Un turista avrebbe pensato di trovarsi di fronte un santo scampato ad un
complotto di un gruppo di forsennati, forse di terroristi. Nè al conduttore, nè
agli altri ospiti è venuto in mente di ricordare che sia la Corte d’appello sia
la Cassazione hanno scritto pagine inquietanti sul rapporto tra mafia e poltica
e sullo stesso Andreotti. Nessuno ha ricordato che il presidente Andreotti
medesimo ha ritenuto di avvalersi della prescrizione per alcuni dei reati
contestati, a nessuno è venuto in mente che in qualsiasi altro paese la
descrizione dei rapporti tra poltica e mafia, prima del 1980, avrebbero assunto
il sapore di una pietra tombale sulla futura attività politica.
A nessuno è venuto in mente di ricordare che Giancarlo Caselli e i suoi
collaboratori erano stati in prima linea contro il terrorismo e contro la
criminalità. Quando molti scappavano, furono quei magistrati ad accettare la
sfida e a rappresentare la parte migliore dello stato.
In ogni caso, al di là di simili considerazioni che si possono condividere o
meno, resta la domanda: perchè non è stato previsto un contraddittorio? Perchè
non si è pensato di dare la parola a quei giudici e al giudice Caselli? Perchè
i censori dei Fazio e dei Santoro non hanno aperto bocca? Perchè il massacro
dela dignità di Giancarlo Caselli e di tanti altri servitori dello stato deve,
invece, essere accettata in silenzio, senza la minima reazione?
A differenza di quelli che vogliono la testa dei giornalisti sgraditi, a noi
non interessa in alcun modo la via disciplinare al giornalismo, nei confronti
di chiunque, fosse pure il nostro più acerrimo avversario.

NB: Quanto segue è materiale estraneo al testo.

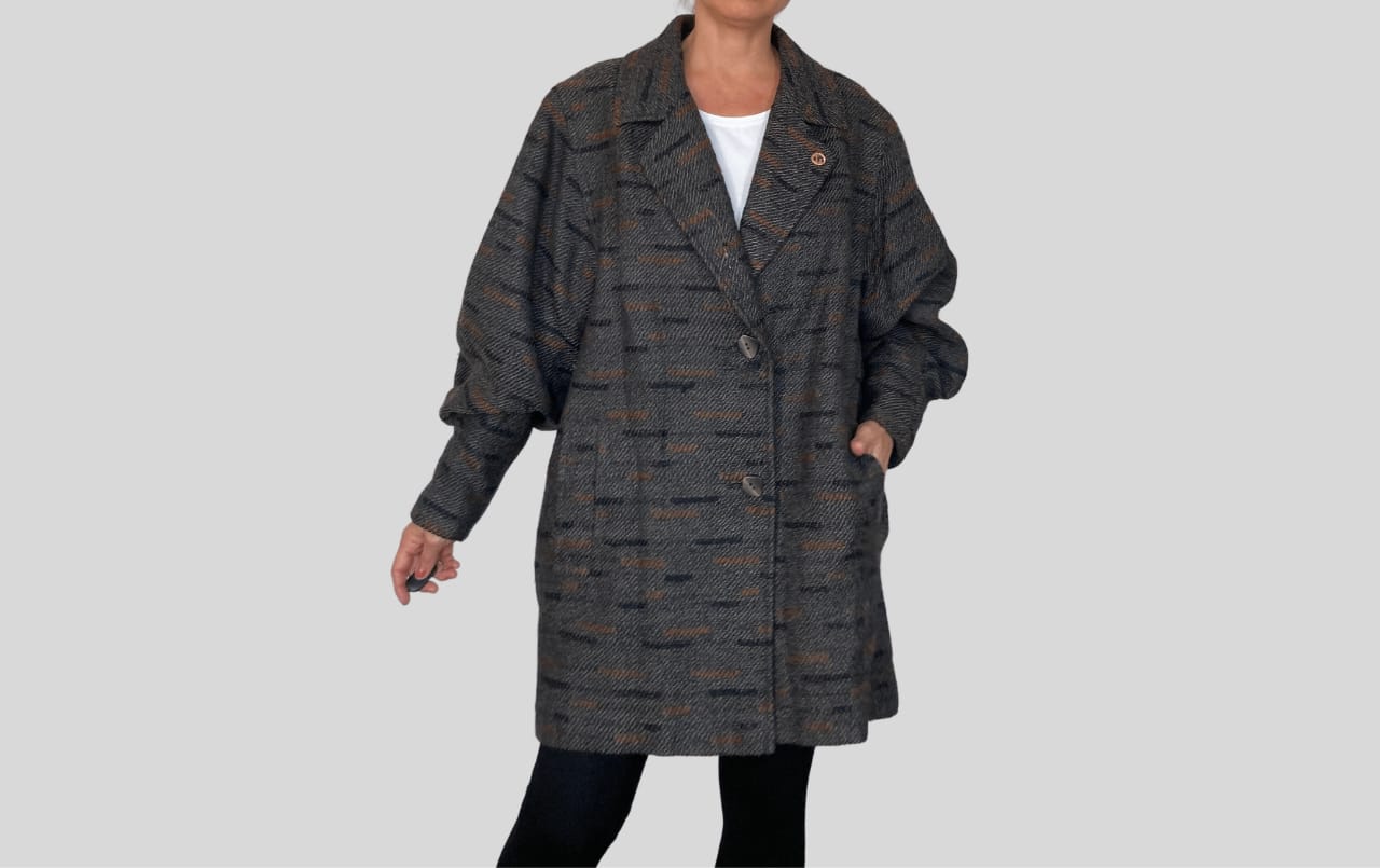 It is an oversized marbled style maxi jacket in gray, black and beige.

Quello che non si può accettare, invece, è lo stravolgimento della realtà, la
fucilazione mediatica degli assenti.
Dalla Rai, dal suo presidente, dal suo direttore generale, vorremmo solo sapere
quando, come e in quale trasmissione sarà consentito al dottor Caselli e altri
magistrati di replicare alla sequela di ingiurie scagliate nei loro confronti.
Se proprio non volessero dare loro lil diritto di replica o di rettifica
potrebbero chiedere al tg1 delle 20 di leggere in diretta le ultime 30 righe
della sentenza della corte d’appello, relative proprio al processo Andreotti.
La lettura di 30 righe, secondo i ritmi televisivi, non dovrebbe occupare uno
spazio superiore ai due minuti. Dal momento che il presidente Andreotti, stando
a quanto abbiamo sentito, ne sarebbe uscito pulito quasi come un giglio, non
dovrebbe esserci alcuna difficoltà ad accogliere questa richiesta, consentendo
così finalmente a milioni di italiani di sapere cosa abbia davvero scritto la
corte d’appello a proposito degli intrecci tra mafia e poltica e sulle
relazioni pericolose che hanno pesantemente inquinato e condizionato la storia
di questo mezzo secolo.
Attenderemo fiduciosi per qualche giorno, poi quelle trenta righe le
pubblicheremo sul nostro sito e così sarà più facile capire per quale ragione
si è preferito evitare il contraddittorio.